Records excerpted from a collection:
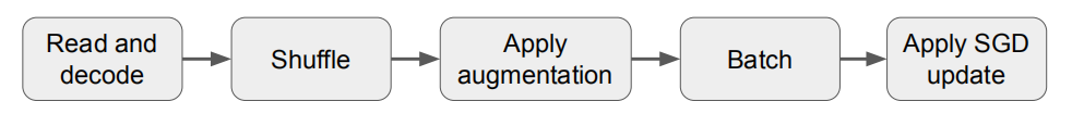 神经网络的训练过程可以看作是一个数据流程,需要对计算进行缓冲和重叠。例如,图 1 显示了小批次随机梯度下降(SGD)及其变体的典型训练流程,这是训练神经网络的标准算法。训练程序首先读取和解码输入数据,然后对数据进行 shuffle,应用一组转换操作来增加数据,并将数据分成不同批次。最后,通过迭代更新网络参数降低损失函数值;此阶段称为“SGD 更新”。由于任何流程阶段的输出都可以缓冲,因此不同阶段的计算互相重叠,最慢的阶段将占用主要的训练时间。
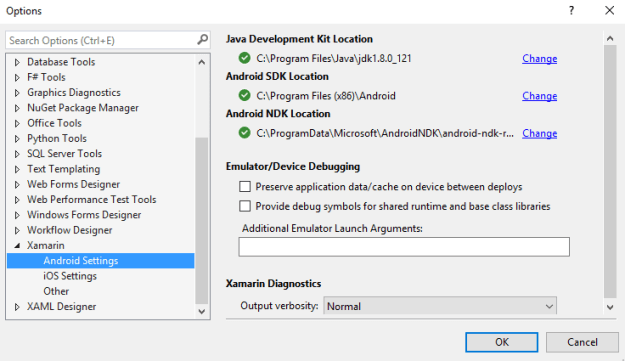 - For that, go to Tools → Options → Xamarin → Android Settings.
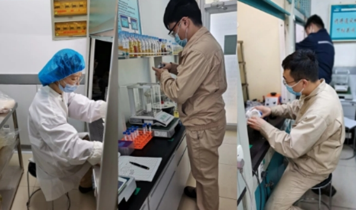 “新·星未來”大學生董永臣、李宏宇和新員工董志鵬、孫海萌面對不斷送來的樣品,仔細檢測,并第一時間告知生產車間檢測結果,保證了車間生產進度。孫博雯也是“新·星未來”大學生的一員,在此次疫情期間檢測輔料包材工作的同時,還肩負微生物檢測工作。胡靜軒更是身負重任,在人員不足的條件下,合理安排時間,完成了各種原料油、精煉油、成品的各項質量指標檢測,保障了原料使用和產品出廠。
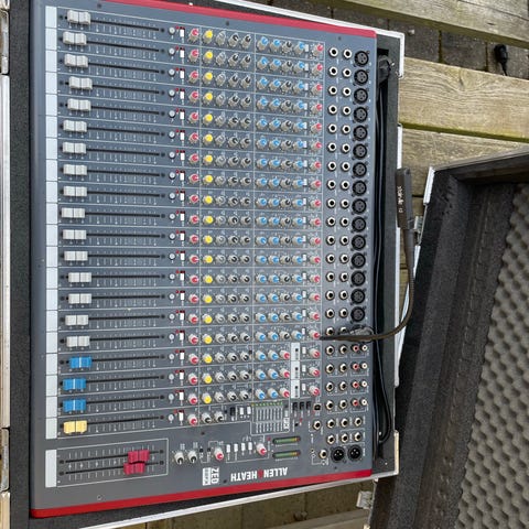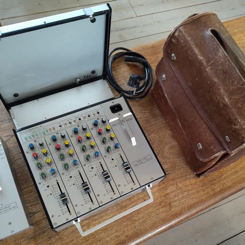 Fra øverste hylde, Amek BCll, ex TV2 (TV stationen) mixer, fuldstændig gennemrenoveret af TV2 tekniker. Perfekt til summing. 10 mono kanaler og 2 stereo. Ikke direct out, men mulighed for at trække kabler via insert Der medfølger en del ekstra kanaler + extender board etc.
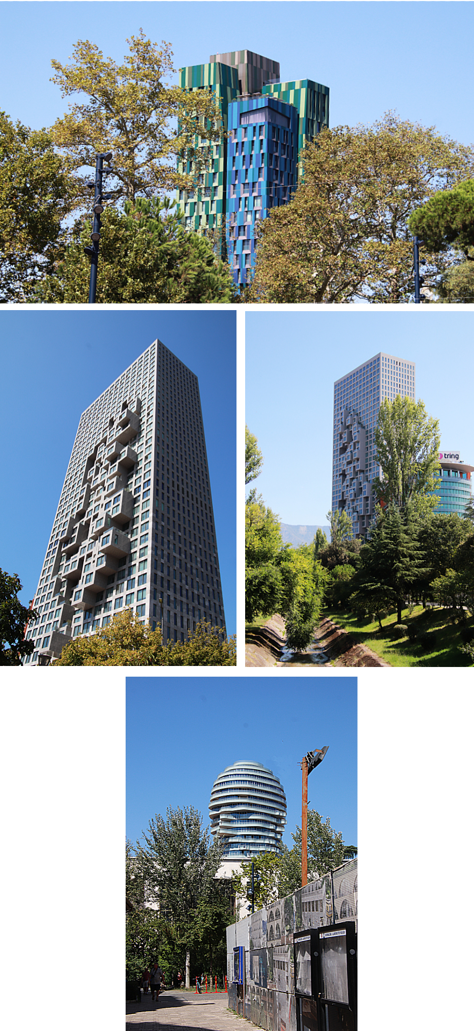Nos dedicamos a pasear hasta que decidimos volver al camping. En este paseo y en el de ayer hemos podido contemplar también la arquitectura moderna que se está construyendo en Tirana. Pongo algún ejemplo
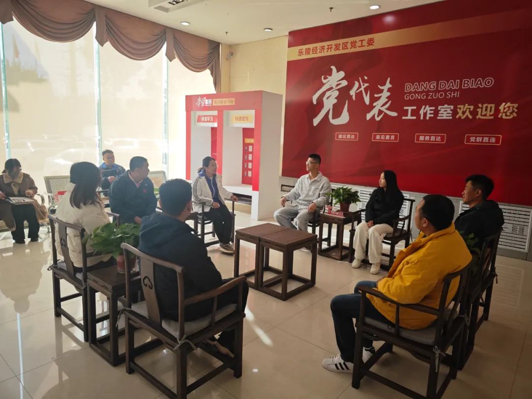 在乐陵经济开发区园区党群服务中心,大家通过讲解员的讲解,对党群服务中心各功能区有了详细了解,特别是园区组织架构、产业链架构、非公企业党建发挥作用及模范党员有了深入了解。参观完毕,各企业后备人才在党员议事厅开展座谈,交流各企业在产品研发、质检、后勤保障、市场分析等方面的业务,取长补短,互相学习。通过沟通交流解决后备人才在工作中遇到的难点痛点问题12个,聚力为后备人才创造良好的发展环境。
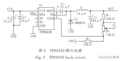 降压电路主要由降压DC-DC 转换器TPS5430 组成,降压后直接对电池进行充电。TPS5430 降压电路如图5 所示。
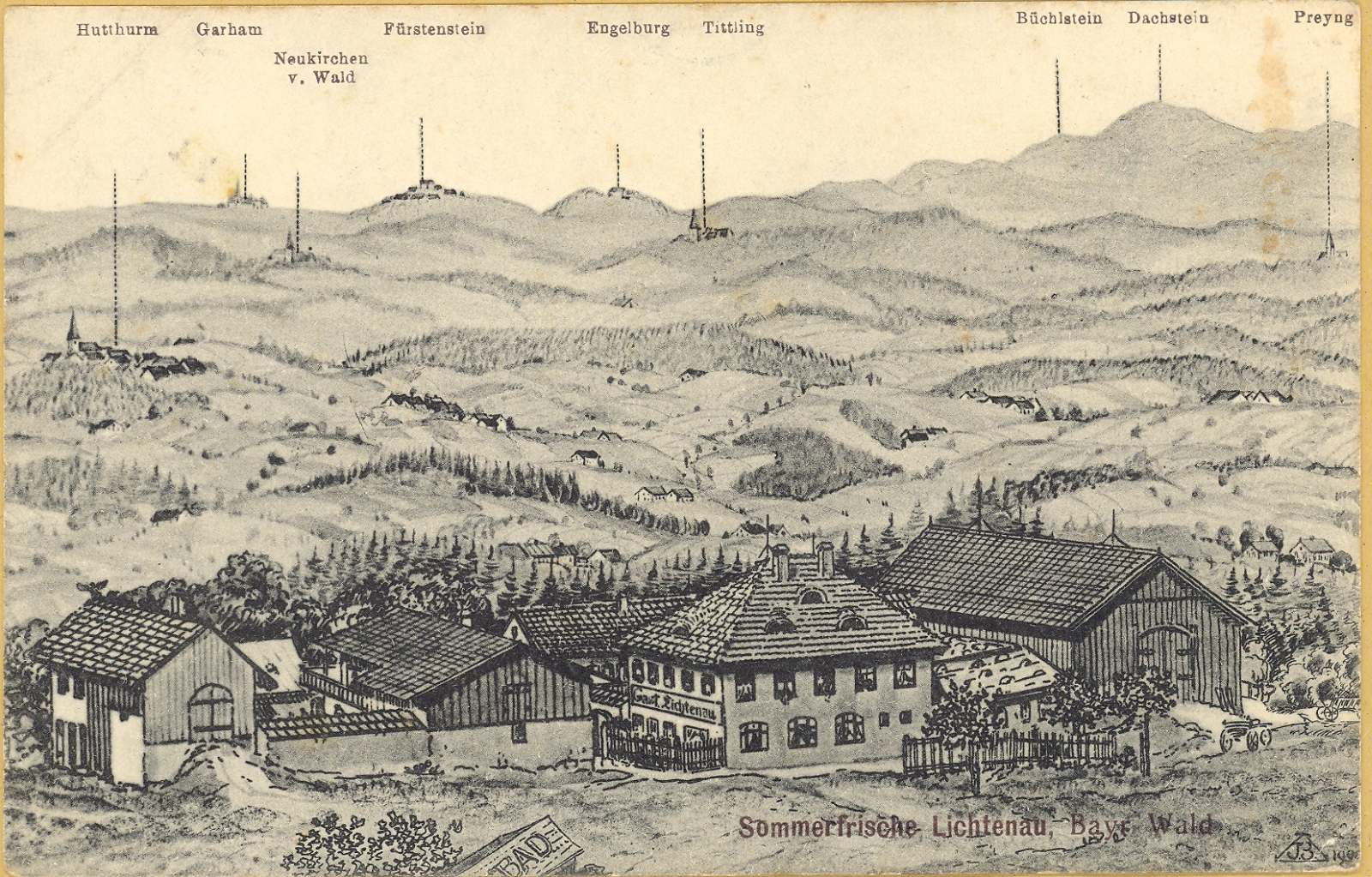 Auf der gezeichneten Ansichtskarte sind die bei guter Sicht zu sehenden markanten Punkte mit Pfeil und Beschriftung gekennzeichnet. Von links nach rechts sind dies: Hutthurm, Garham, Neukirchen v. Wald, Englburg, Tittling, Büchlstein, Dachstein und Prey(i)ng. Die Karte erschien im Verlag Hans Pernat, Spezialhaus für Ansichtskarten, München. Der Alleinverkauf erfolgte durch Franz Stemplinger, Lichtenau.
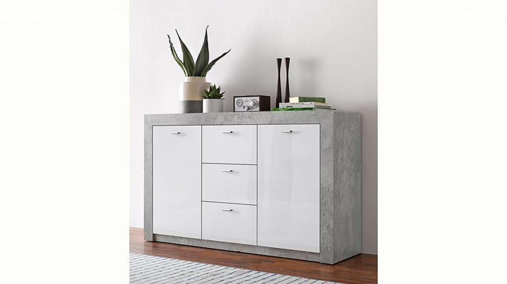 In folgenden Farben erhältlich: Korpus/Front: Beton-Optik matt/weiß Hochglanz. Korpus/Front: antikweiß gewischt. Details: 2 Holztüren. Fachinnenmaße (B/T/H): ca. 40,5/37/36,5 cm. Fachinnenmaße (B/T/H): ca. 40,5/37/35 cm. Türanschlag rechts. Türanschlag links. 3 Schubkästen. Schubkasteninnenmaße (B/T/H): ca. 36,5/31,5/12,5 cm. 2 verstellbare Holzböden. Hochglanz. Dekorative Rahmenoptik. FSC®-zertifizierter Holzwerkstoff. Pflegeleichte Oberflächen. Ideal für kleine Räume. In verschiedenen Farben. Maße: Maße (B/T/H): ca. 145,5/40,5/89 cm. Alles ca.-Maße. Informationen zu Lieferumfang und Montage: Mit Aufbauanleitung. Material: Korpus: Holzwerkstoff. Front: Holzwerkstoff. Front: melaminbeschichtet. FSC®-zertifizierter Holzwerkstoff. Griffe aus Kunststoff. Scharniere aus Metall. Schubkästen auf Metallauszug. Holzwerkstoff. Pflegehinweise: Pflegehinweise für Möbel aus Holzwerkstoffen (inklusive Melamin und MDF): Verwenden Sie zur Pflege Ihrer Möbel aus Plattenwerkstoffen am besten ein weiches, nicht fusselndes Tuch oder ein Ledertuch. Wischen Sie die Oberflächen leicht feucht ab. FSC®-zertifizierter Holzwerkstoff: Das Label des FSC® weist nach, dass Sie mit dem Kauf dieser Produkte vorbildlich Waldwirtschaft - nach den strengen ökologischen, sozialen und wirtschaftlichen Standards des Forest Stewardship Council® - fördern und die Waldressourcen schonen.
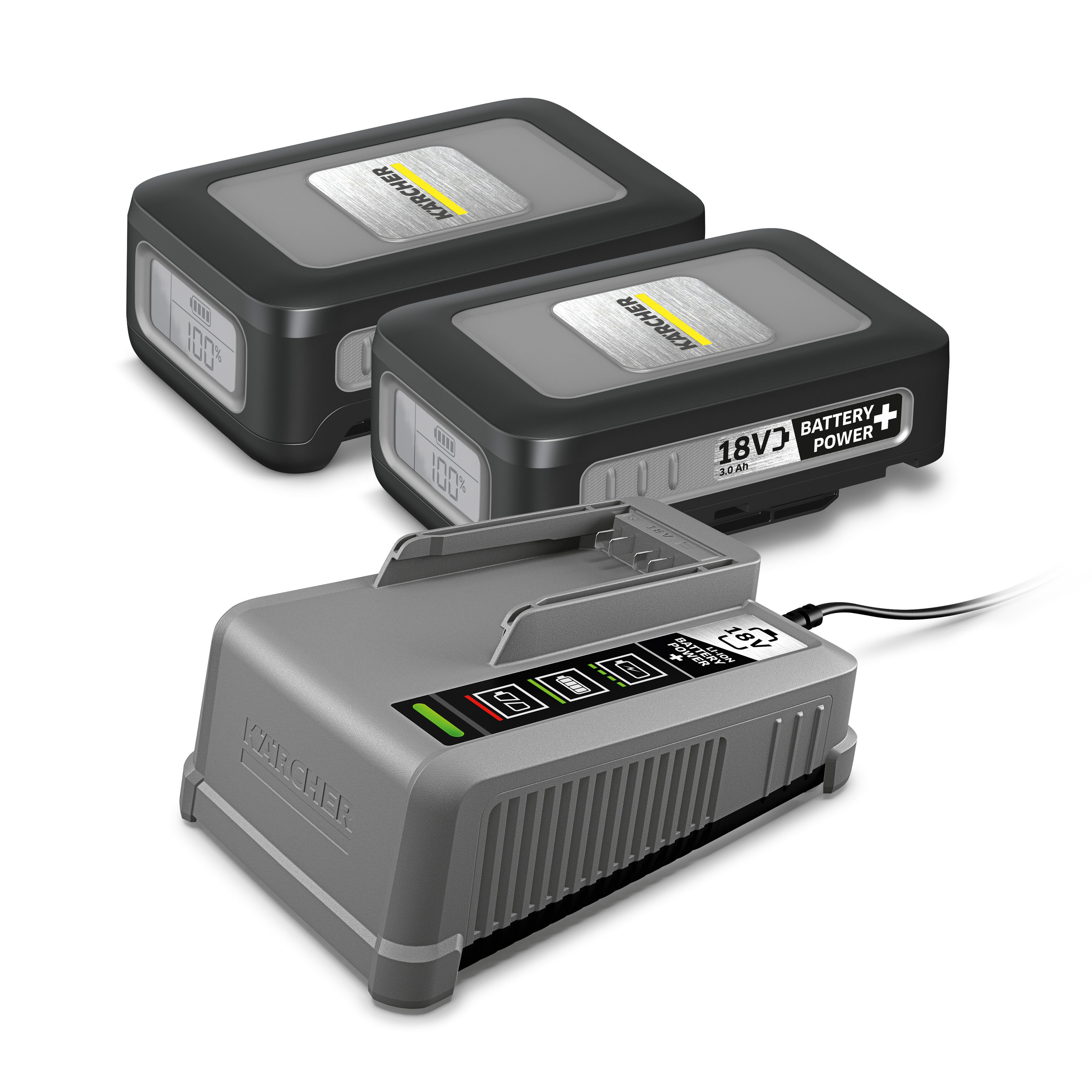 Стартовый комплект Starter Kit Battery Power+ 18/30 состоит из 2 мощных аккумуляторов 18 В/3 Ач с инновационной технологией Real Time и оптимально сочетающегося с ними быстрозарядного устройства 18 В/6 А. Обеспечивает непрерывную работу с различной аккумуляторной техникой Karcher. Время заряда быстрозарядным устройством до 80 % - 39 мин, до 100 % - 1 час.

§ **WHAT YOU WILL DO**: Every entry, word for word, should be given again; the pictures are not part of the copy.

§ **TASK RESPONSE**:
 神经网络的训练过程可以看作是一个数据流程,需要对计算进行缓冲和重叠。例如,图 1 显示了小批次随机梯度下降(SGD)及其变体的典型训练流程,这是训练神经网络的标准算法。训练程序首先读取和解码输入数据,然后对数据进行 shuffle,应用一组转换操作来增加数据,并将数据分成不同批次。最后,通过迭代更新网络参数降低损失函数值;此阶段称为“SGD 更新”。由于任何流程阶段的输出都可以缓冲,因此不同阶段的计算互相重叠,最慢的阶段将占用主要的训练时间。
 - For that, go to Tools → Options → Xamarin → Android Settings.
 “新·星未來”大學生董永臣、李宏宇和新員工董志鵬、孫海萌面對不斷送來的樣品,仔細檢測,并第一時間告知生產車間檢測結果,保證了車間生產進度。孫博雯也是“新·星未來”大學生的一員,在此次疫情期間檢測輔料包材工作的同時,還肩負微生物檢測工作。胡靜軒更是身負重任,在人員不足的條件下,合理安排時間,完成了各種原料油、精煉油、成品的各項質量指標檢測,保障了原料使用和產品出廠。
 Fra øverste hylde, Amek BCll, ex TV2 (TV stationen) mixer, fuldstændig gennemrenoveret af TV2 tekniker. Perfekt til summing. 10 mono kanaler og 2 stereo. Ikke direct out, men mulighed for at trække kabler via insert Der medfølger en del ekstra kanaler + extender board etc.
Nos dedicamos a pasear hasta que decidimos volver al camping. En este paseo y en el de ayer hemos podido contemplar también la arquitectura moderna que se está construyendo en Tirana. Pongo algún ejemplo
 在乐陵经济开发区园区党群服务中心,大家通过讲解员的讲解,对党群服务中心各功能区有了详细了解,特别是园区组织架构、产业链架构、非公企业党建发挥作用及模范党员有了深入了解。参观完毕,各企业后备人才在党员议事厅开展座谈,交流各企业在产品研发、质检、后勤保障、市场分析等方面的业务,取长补短,互相学习。通过沟通交流解决后备人才在工作中遇到的难点痛点问题12个,聚力为后备人才创造良好的发展环境。
 降压电路主要由降压DC-DC 转换器TPS5430 组成,降压后直接对电池进行充电。TPS5430 降压电路如图5 所示。
 Auf der gezeichneten Ansichtskarte sind die bei guter Sicht zu sehenden markanten Punkte mit Pfeil und Beschriftung gekennzeichnet. Von links nach rechts sind dies: Hutthurm, Garham, Neukirchen v. Wald, Englburg, Tittling, Büchlstein, Dachstein und Prey(i)ng. Die Karte erschien im Verlag Hans Pernat, Spezialhaus für Ansichtskarten, München. Der Alleinverkauf erfolgte durch Franz Stemplinger, Lichtenau.
 In folgenden Farben erhältlich: Korpus/Front: Beton-Optik matt/weiß Hochglanz. Korpus/Front: antikweiß gewischt. Details: 2 Holztüren. Fachinnenmaße (B/T/H): ca. 40,5/37/36,5 cm. Fachinnenmaße (B/T/H): ca. 40,5/37/35 cm. Türanschlag rechts. Türanschlag links. 3 Schubkästen. Schubkasteninnenmaße (B/T/H): ca. 36,5/31,5/12,5 cm. 2 verstellbare Holzböden. Hochglanz. Dekorative Rahmenoptik. FSC®-zertifizierter Holzwerkstoff. Pflegeleichte Oberflächen. Ideal für kleine Räume. In verschiedenen Farben. Maße: Maße (B/T/H): ca. 145,5/40,5/89 cm. Alles ca.-Maße. Informationen zu Lieferumfang und Montage: Mit Aufbauanleitung. Material: Korpus: Holzwerkstoff. Front: Holzwerkstoff. Front: melaminbeschichtet. FSC®-zertifizierter Holzwerkstoff. Griffe aus Kunststoff. Scharniere aus Metall. Schubkästen auf Metallauszug. Holzwerkstoff. Pflegehinweise: Pflegehinweise für Möbel aus Holzwerkstoffen (inklusive Melamin und MDF): Verwenden Sie zur Pflege Ihrer Möbel aus Plattenwerkstoffen am besten ein weiches, nicht fusselndes Tuch oder ein Ledertuch. Wischen Sie die Oberflächen leicht feucht ab. FSC®-zertifizierter Holzwerkstoff: Das Label des FSC® weist nach, dass Sie mit dem Kauf dieser Produkte vorbildlich Waldwirtschaft - nach den strengen ökologischen, sozialen und wirtschaftlichen Standards des Forest Stewardship Council® - fördern und die Waldressourcen schonen.
 Стартовый комплект Starter Kit Battery Power+ 18/30 состоит из 2 мощных аккумуляторов 18 В/3 Ач с инновационной технологией Real Time и оптимально сочетающегося с ними быстрозарядного устройства 18 В/6 А. Обеспечивает непрерывную работу с различной аккумуляторной техникой Karcher. Время заряда быстрозарядным устройством до 80 % - 39 мин, до 100 % - 1 час.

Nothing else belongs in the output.